Construction & Projects
Rules for construction projects, fortifications, infrastructure, and public works.
Construction projects are performed using the Make Asset Faction Action.
Excavation
Characters can move cubic feet of earth equal to their Max. Load in # per hour, assuming appropriate tools are possessed. The rate is halved for improvised tools, and quartered for a lack of them. Dressed stone brick & smooth rock takes twice as long to excavate.
A single fully-dedicated human laborer (10# Max. Load) completes $1 in excavation construction cost per day, or $5/month if working from a Faction’s Families for labor.
| Material Type | Cost per Cubic Foot |
|---|---|
| Soil & loose rock | $0.05 |
| Stone | $0.10 |
Structural HP
Structural Hit Points (SHP) is a measure of fortification troop capacity (how many soldiers you can fit inside a Location) combined with durability (how resilient it is to assault). Every Location can have an SHP score. 1 SHP is approximately 1 ton of material.
Structures cost approximately $100 per SHP for mixed wood & stone construction. Pure wood is cheaper but more vulnerable. Especially nice materials are double cost.
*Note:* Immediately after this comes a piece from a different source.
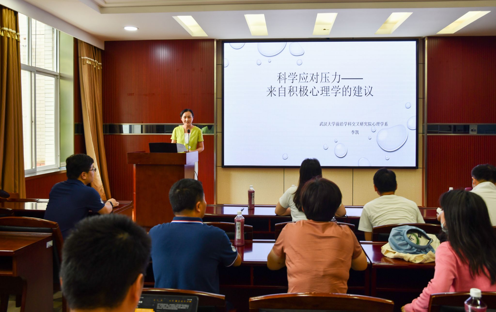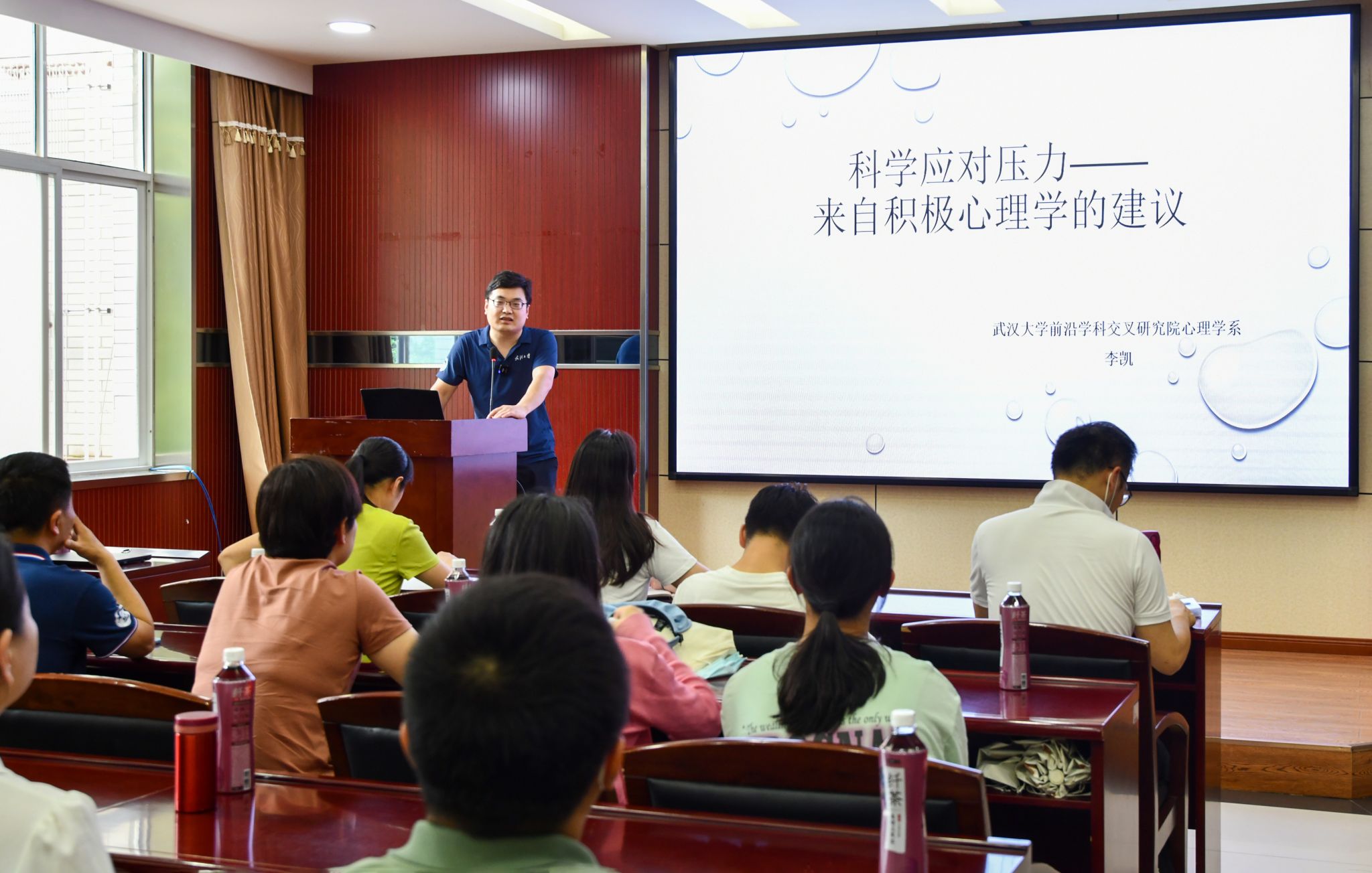 为促进我校教职工身心健康,校工会于今年5-6月主办了教职工心理健康知识系列讲座。讲座共七场,资环学院承办了其中一场。5月23日下午,在资环学院220报告厅,前沿学科交叉研究院的李凯老师带来了“压力应对的积极心理学”这场讲座,来自全校多个单位的教职工参加了讲座。讲座由资环学院党委副书记、工会主席马丽华老师主持。

| Material | Cost per SHP | Capacity per SHP | Notes |
|---|---|---|---|
| Wood | $100 | 1 | Can be burned. |
| Mixed | $100 | ⅔ | Typical for Glassian construction. |
| Stone | $100 | ½ | Doesn’t burn easily. |
Structural Hardness
Structures divide all Damage delivered via weapons of inferior hardness by 10, rounded down. Hardness in ascending order is as follows:
- Wood & bone & copper
- Stone & keratin & bronze
- Iron & steel
- Gemstones
Siege machines count as the toughest material used in their weapons’ construction.
Structural Unit Capacity
Structures are assumed to be able to operationally hold 1 soldier per 1 SHP. This is not accurate for small volume-focused civilian buildings (i.e. warehouses, which could manage up to 10 soldiers per SHP) or for heavily-fortified defensive structures (i.e. walls, sanctums) but is approximately correct for castles & Settlement fortifications taken as a whole.
Structures
| Item | Material | Occupancy | SHP | Value |
|---|---|---|---|---|
| Hut, poor commons’ | Wood | 5 | 5 | $500 |
| Cottage, craftsman’s | Mixed | 10 | 15 | $1,600 |
| Painted temple, Jester’s (30’ × 20’) | Wood | 50 | 50 | $5,000 |
| Townhouse w/ courtyard | Stone | 50 | 100 | $10,000 |
| Country manor, Magistrate’s | Stone | 150 | 300 | $30,000 |
| Country manor, Imperial luxury | Stone | 10,000 | 20,000 | $4,000,000 |
| Beacon tower, wooden | Wood | 16 | 16 | $1,600 |
| Palisade, wood (100’ long × 10’ tall, 1 row) | Wood | 100 | 15 | $1,500 |
| Tower, fortified square (20’ × 40’) | Stone | 100 | 1,000 | $100,000 |
| Castle, small | Stone | 7,500 | 15,000 | $1,500,000 |
| Castle, fortified | Stone | 15,000 | 30,000 | $3,000,000 |
Glass doesn’t build watchtowers, as harpy scouts essentially supercede any information advantage even when scarce in numbers. Glass does build fortresses, and in increasing volume.
Roads
| Item | Value |
|---|---|
| Road, gravel & dirt (1mi) | $1,000 |
| Paved road (1mi) | $5,000 |
Road cost is based on ground travel speed, not on actual distance. A mountain that takes four times as long to cross than usual is four times more expensive to build a road through.